▸ DATA BLOCK:
BEGIN

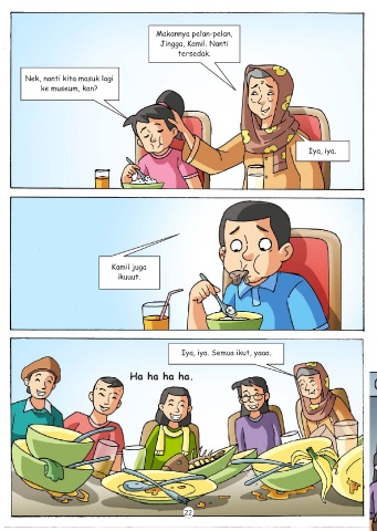 Makannya pelan-pelan, Jingga, Kamil. Nanti tersedak. Nek, nanti kita masuk lagi ke museum, kan? Iya, iya. Kamil juga ikuuut. Iya, iya. Semua ikut, yaaa. Ha ha ha ha. 22
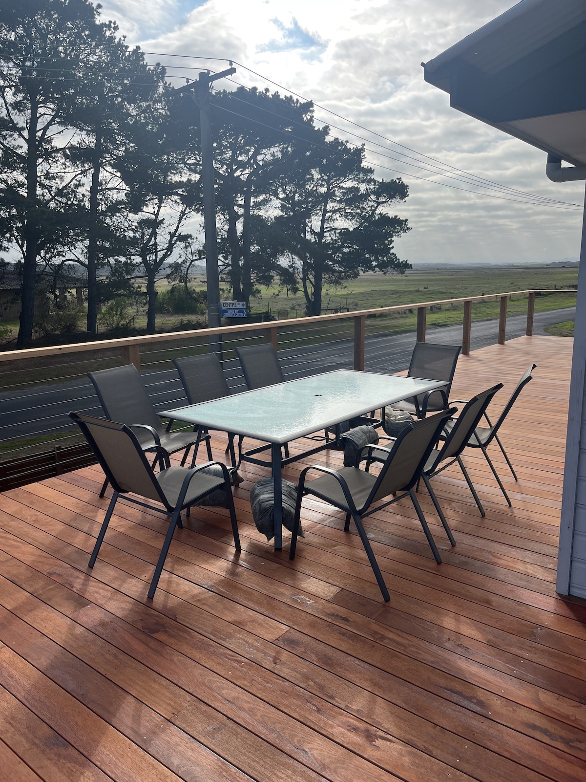 A spacious and modern 3 bedroom home, with beautiful uninterrupted views from a brand new decked balcony to Anderson Inlet Perfect for up to 2 families, with two separate living areas, one with multiple gaming consoles and a Fussball table A 5 minute walk to the shops/eateries and a 15 minute walk (3 minute drive) to the patrolled surf beach A perfect space for anyone to get away and unwind in the true peace and quiet of Venus Bay Unlimited high speed WiFi All bed linen and towels provided
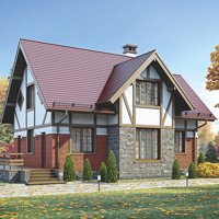 Краткая характеристика проекта: дом с мансардой 13x8 (13 на 8 м), общей площадью 111 кв.м, из кирпича, с террасой, с котельной.
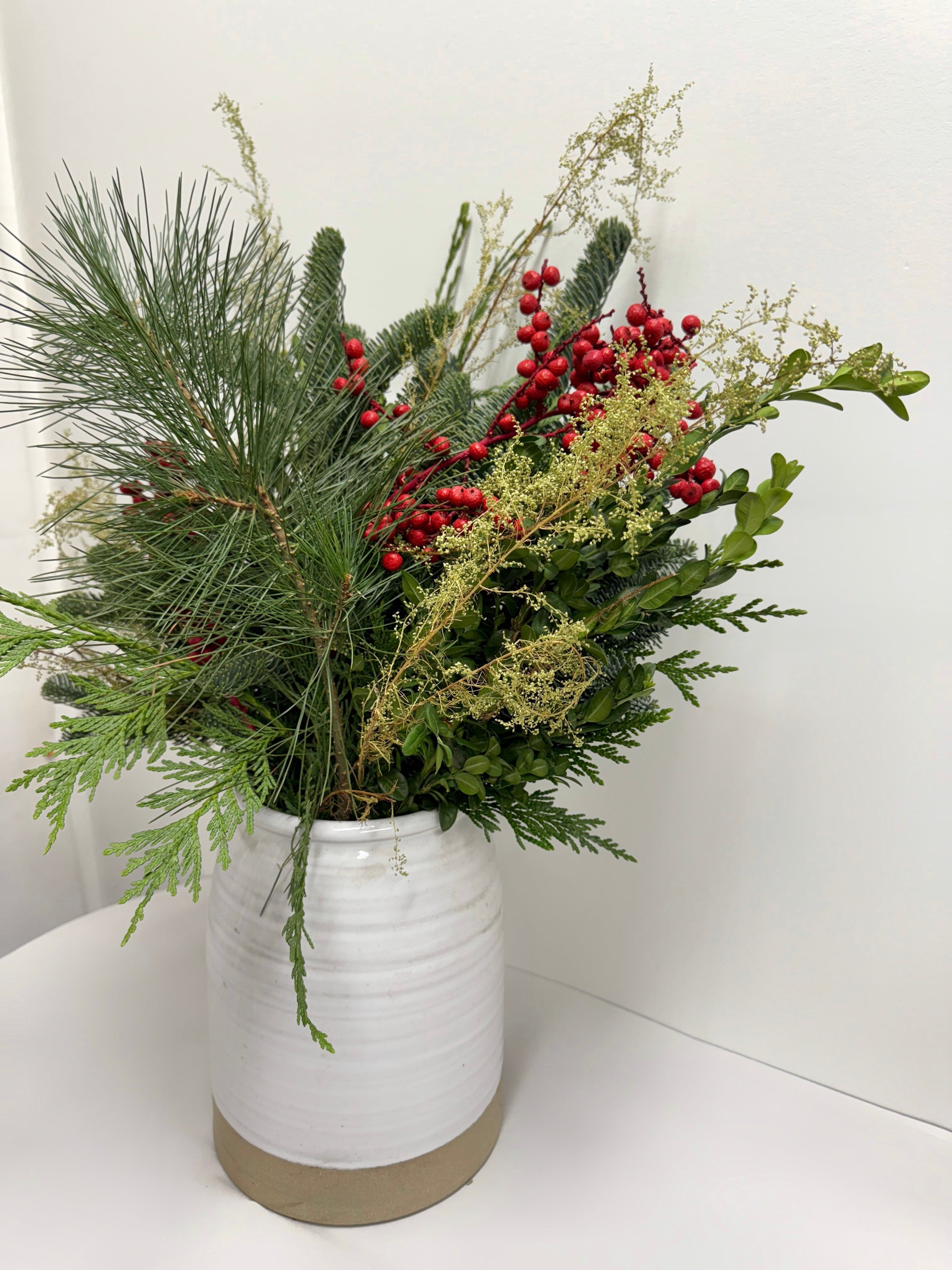 Air-dried sweet annie adds a soft, feathery elegance alongside clusters of deep red canella berries—offering the perfect pop of festive color. Fresh noble fir, white pine, boxwood, and cedar bring richness, fragrance, and structure, echoing the evergreens found in snowy northern forests.

END

▸ EXERCISE AIM:
Transcribe, please, the lines from the one holding "A spacious and" to the final line of the material, both included, exactly and with no extra lines, and skip the pictures.

▸ OUTPUT FOR THIS EXERCISE:
 A spacious and modern 3 bedroom home, with beautiful uninterrupted views from a brand new decked balcony to Anderson Inlet Perfect for up to 2 families, with two separate living areas, one with multiple gaming consoles and a Fussball table A 5 minute walk to the shops/eateries and a 15 minute walk (3 minute drive) to the patrolled surf beach A perfect space for anyone to get away and unwind in the true peace and quiet of Venus Bay Unlimited high speed WiFi All bed linen and towels provided
 Краткая характеристика проекта: дом с мансардой 13x8 (13 на 8 м), общей площадью 111 кв.м, из кирпича, с террасой, с котельной.
 Air-dried sweet annie adds a soft, feathery elegance alongside clusters of deep red canella berries—offering the perfect pop of festive color. Fresh noble fir, white pine, boxwood, and cedar bring richness, fragrance, and structure, echoing the evergreens found in snowy northern forests.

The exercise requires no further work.